На Ушакова теперь уже смотрели без восхищения.
Многие его просто презирали.
Ушаков покинул зал вместе с фон Дезином, который ни на шаг не отходил от него, словно боялся, как бы тот не соизволил сделать что-либо лишнее, не предусмотренное программой собрания. Прощаясь, фон Дезин протянул ему руку:
- Прощайте, ваше высокопревосходительство, желаю вам спокойной старости.
Он и в эту минуту оставался человеком с казенной душой, не нашедшим сказать бывшему сослуживцу простое задушевное слово.
Ушаков не стал задерживаться, откланялся и поспешил домой.
10
Федор встретил своего хозяина с такой обрадованностью, словно тот вернулся из победного похода. Помог ему быстренько переодеться, принес из погреба холодного квасу.

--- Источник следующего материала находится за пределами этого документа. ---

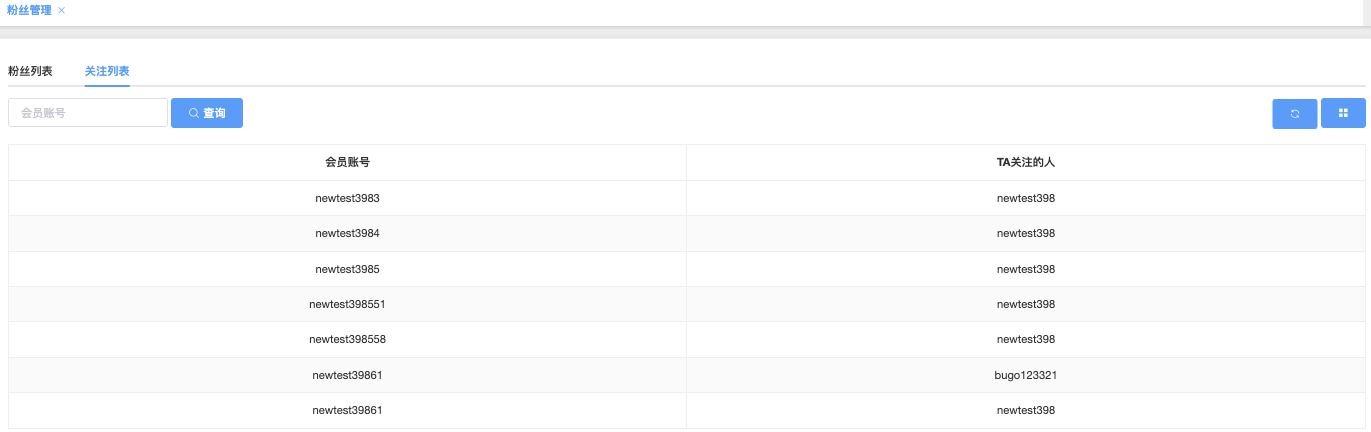 这个页面展示会员主动关注了哪些其他用户,帮助管理员了解用户的社交行为方向、主动性,以及是否存在批量关注、营销推广、互粉拉人等特征

- Чинно проводили? - любопытствовал он, суетясь возле него.
- Ничего... - рассеянно отвечал Ушаков.
- А я стряпал. Думал, батюшка, гостей приведешь.
- Готовился бы лучше в дорогу, - нахмурился Ушаков.
- Куда в дорогу-то?
- Сто раз говорить? - повысил голос Ушаков, но тут же, одумавшись, изменил тон: - В деревню поедем. Не забыл Алексеевку? Мокшу не забыл?
- Нешто забудешь?.. Родная сторонушка не забывается. Постой, батюшка, - вдруг стал прислушиваться Федор, - кажись, подъехал кто-то. - Заглянул в окно. - Так и есть, экипаж. А говорил, батюшка, гостей не будет - гости-то вона! Зря мы только мундир упрятали.
Он побежал во двор, но вскоре вернулся, разочарованный:
- Тот самый приехал, который в прошлый раз был, министр твой. Встречать сам выйдешь?
Чичагов вошел раньше, чем Ушаков успел подойти к двери. Как всегда, он был один, без адъютанта.
- Я на минуту, - предупредил он, - заехал извиниться, что не смог быть на ваших проводах, а заодно и новость приятную сообщить.
К столу приглашать его не стали, но Федор поднес ему кружку холодного квасу, только что принесенного из погреба. Чичагов выпил почти всю кружку. Квас ему понравился.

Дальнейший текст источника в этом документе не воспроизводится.